Given information

----

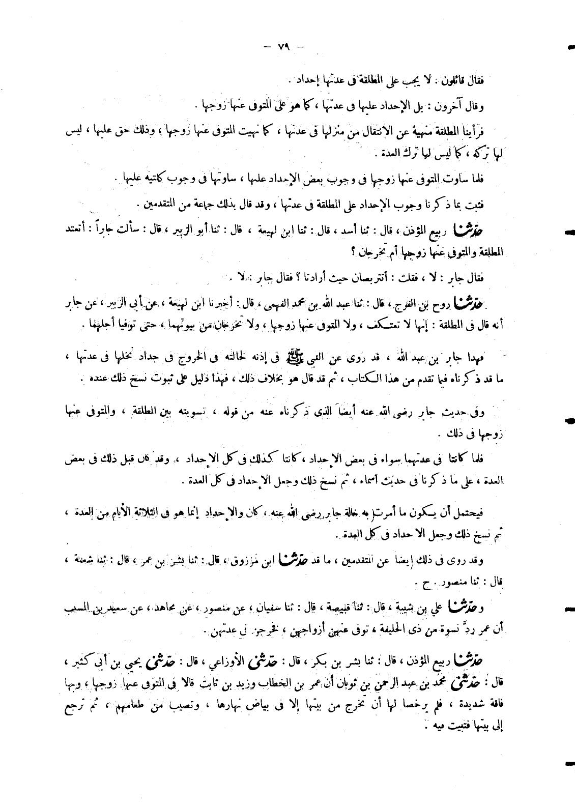 4580 - حَدَّثَنَا رَوْحُ بْنُ الْفَرَجِ , قَالَ: ثنا عَبْدُ اللهِ بْنُ مُحَمَّدٍ الْفَهْمِيُّ , قَالَ أَخْبَرَنَا ابْنُ لَهِيعَةَ , عَنْ أَبِي الزُّبَيْرِ , عَنْ جَابِرٍ , أَنَّهُ قَالَ فِي الْمُطَلَّقَةِ: «§إِنَّهَا لَا تَعْتَكِفُ , وَلَا الْمُتَوَفَّى عَنْهَا زَوْجُهَا , وَلَا تَخْرُجَانِ مِنْ بُيُوتِهِمَا , حَتَّى تُوُفِّيَا أَجَلَهُمَا» . فَهَذَا جَابِرُ بْنُ عَبْدِ اللهِ , قَدْ رَوَى عَنِ النَّبِيِّ صَلَّى اللَّهُ عَلَيْهِ وَسَلَّمَ فِي إِذْنِهِ لِخَالَتِهِ فِي الْخُرُوجِ فِي جِدَادِ نَخْلِهَا فِي عِدَّتِهَا , مَا قَدْ ذَكَرْنَاهُ فِيمَا تَقَدَّمَ مِنْ هَذَا الْكِتَابِ , ثُمَّ قَدْ قَالَ هُوَ بِخِلَافِ ذَلِكَ , فَهَذَا دَلِيلٌ عَلَى ثُبُوتِ نَسْخِ ذَلِكَ عِنْدَهُ. وَفِي حَدِيثِ جَابِرٍ رَضِيَ اللهُ عَنْهُ أَيْضًا الَّذِي ذَكَرْنَاهُ عَنْهُ مِنْ قَوْلِهِ , تَسْوِيَتُهُ بَيْنَ الْمُطَلَّقَةِ , وَالْمُتَوَفَّى عَنْهَا زَوْجُهَا فِي ذَلِكَ. فَلَمَّا كَانَتَا فِي عِدَّتِهِمَا سَوَاءً فِي بَعْضِ الْإِحْدَادِ , كَانَتَا كَذَلِكَ فِي كُلِّ الْإِحْدَادِ , وَقَدْ كَانَ قَبْلَ ذَلِكَ فِي بَعْضِ الْعِدَّةِ , عَلَى مَا ذَكَرْنَا فِي حَدِيثِ أَسْمَاءَ , ثُمَّ نُسِخَ ذَلِكَ وَجُعِلَ الْإِحْدَادُ فِي كُلِّ الْعِدَّةِ. فَيَحْتَمِلُ أَنْ يَكُونَ مَا أُمِرَتْ بِهِ خَالَةُ جَابِرٍ رَضِيَ اللهُ عَنْهُ كَانَ , وَالْإِحْدَادُ إِنَّمَا هُوَ فِي الثَّلَاثَةِ الْأَيَّامِ مِنَ الْعِدَّةِ , ثُمَّ نُسِخَ ذَلِكَ وَجُعِلَ الْإِحْدَادُ فِي كُلِّ الْعِدَّةِ. وَقَدْ رُوِيَ فِي ذَلِكَ أَيْضًا عَنِ الْمُتَقَدِّمِينَ , مَا قَدْ
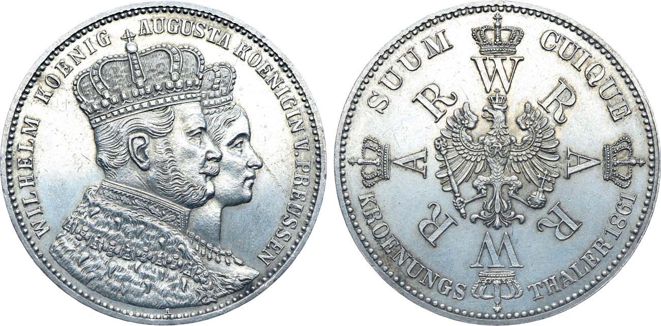 Серебро. 18,53г. Берлин (А). Отчеканена в память коронации Вильгельма I. Тираж 1000000 экз. Гурт: "GOTT MIT UNS". KM 488. AKS 116. Davenport 778. Jaeger 87. Olding 403. Thun 265, Kahnt 385. AU.
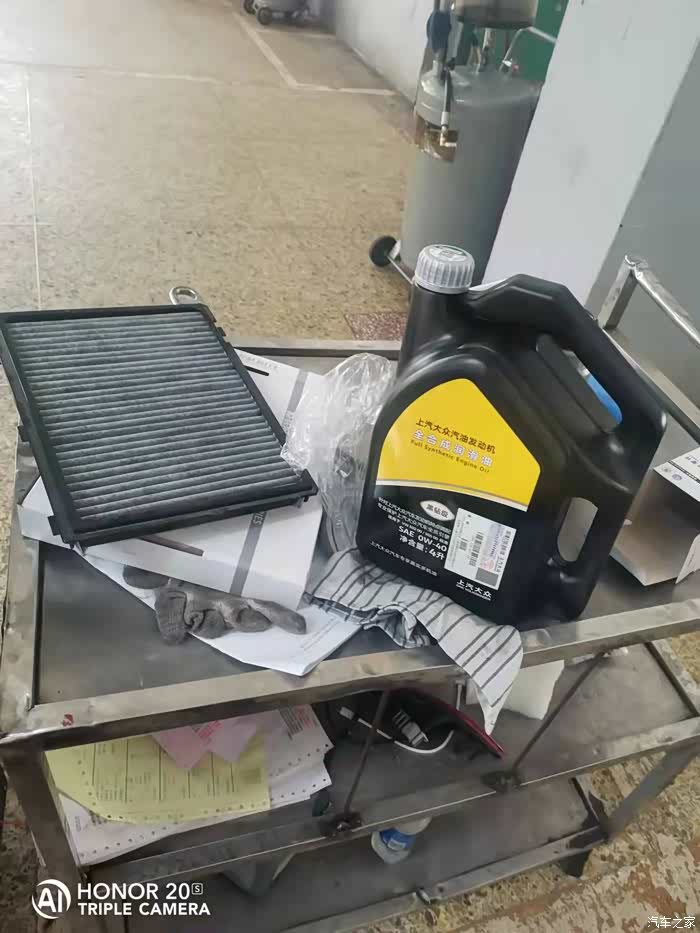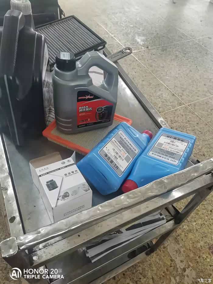 小插曲,本来可以早点去保养的,可惜为了省时间,我走了一条我没走过的路,结果迷路了。导航又给我导回原来的路上了,结果导致我到4S店时已经接近12点了,所以沟通完之后就直接去吃饭了,回来一看,师傅已经把机油放完了,机油滤芯也已经更换,护板装上了,所以我就没拍更换的照片了。

----

Problem details
Excluding all images, transcribe the material word for word.

Response box
 4580 - حَدَّثَنَا رَوْحُ بْنُ الْفَرَجِ , قَالَ: ثنا عَبْدُ اللهِ بْنُ مُحَمَّدٍ الْفَهْمِيُّ , قَالَ أَخْبَرَنَا ابْنُ لَهِيعَةَ , عَنْ أَبِي الزُّبَيْرِ , عَنْ جَابِرٍ , أَنَّهُ قَالَ فِي الْمُطَلَّقَةِ: «§إِنَّهَا لَا تَعْتَكِفُ , وَلَا الْمُتَوَفَّى عَنْهَا زَوْجُهَا , وَلَا تَخْرُجَانِ مِنْ بُيُوتِهِمَا , حَتَّى تُوُفِّيَا أَجَلَهُمَا» . فَهَذَا جَابِرُ بْنُ عَبْدِ اللهِ , قَدْ رَوَى عَنِ النَّبِيِّ صَلَّى اللَّهُ عَلَيْهِ وَسَلَّمَ فِي إِذْنِهِ لِخَالَتِهِ فِي الْخُرُوجِ فِي جِدَادِ نَخْلِهَا فِي عِدَّتِهَا , مَا قَدْ ذَكَرْنَاهُ فِيمَا تَقَدَّمَ مِنْ هَذَا الْكِتَابِ , ثُمَّ قَدْ قَالَ هُوَ بِخِلَافِ ذَلِكَ , فَهَذَا دَلِيلٌ عَلَى ثُبُوتِ نَسْخِ ذَلِكَ عِنْدَهُ. وَفِي حَدِيثِ جَابِرٍ رَضِيَ اللهُ عَنْهُ أَيْضًا الَّذِي ذَكَرْنَاهُ عَنْهُ مِنْ قَوْلِهِ , تَسْوِيَتُهُ بَيْنَ الْمُطَلَّقَةِ , وَالْمُتَوَفَّى عَنْهَا زَوْجُهَا فِي ذَلِكَ. فَلَمَّا كَانَتَا فِي عِدَّتِهِمَا سَوَاءً فِي بَعْضِ الْإِحْدَادِ , كَانَتَا كَذَلِكَ فِي كُلِّ الْإِحْدَادِ , وَقَدْ كَانَ قَبْلَ ذَلِكَ فِي بَعْضِ الْعِدَّةِ , عَلَى مَا ذَكَرْنَا فِي حَدِيثِ أَسْمَاءَ , ثُمَّ نُسِخَ ذَلِكَ وَجُعِلَ الْإِحْدَادُ فِي كُلِّ الْعِدَّةِ. فَيَحْتَمِلُ أَنْ يَكُونَ مَا أُمِرَتْ بِهِ خَالَةُ جَابِرٍ رَضِيَ اللهُ عَنْهُ كَانَ , وَالْإِحْدَادُ إِنَّمَا هُوَ فِي الثَّلَاثَةِ الْأَيَّامِ مِنَ الْعِدَّةِ , ثُمَّ نُسِخَ ذَلِكَ وَجُعِلَ الْإِحْدَادُ فِي كُلِّ الْعِدَّةِ. وَقَدْ رُوِيَ فِي ذَلِكَ أَيْضًا عَنِ الْمُتَقَدِّمِينَ , مَا قَدْ
 Серебро. 18,53г. Берлин (А). Отчеканена в память коронации Вильгельма I. Тираж 1000000 экз. Гурт: "GOTT MIT UNS". KM 488. AKS 116. Davenport 778. Jaeger 87. Olding 403. Thun 265, Kahnt 385. AU.
 小插曲,本来可以早点去保养的,可惜为了省时间,我走了一条我没走过的路,结果迷路了。导航又给我导回原来的路上了,结果导致我到4S店时已经接近12点了,所以沟通完之后就直接去吃饭了,回来一看,师傅已经把机油放完了,机油滤芯也已经更换,护板装上了,所以我就没拍更换的照片了。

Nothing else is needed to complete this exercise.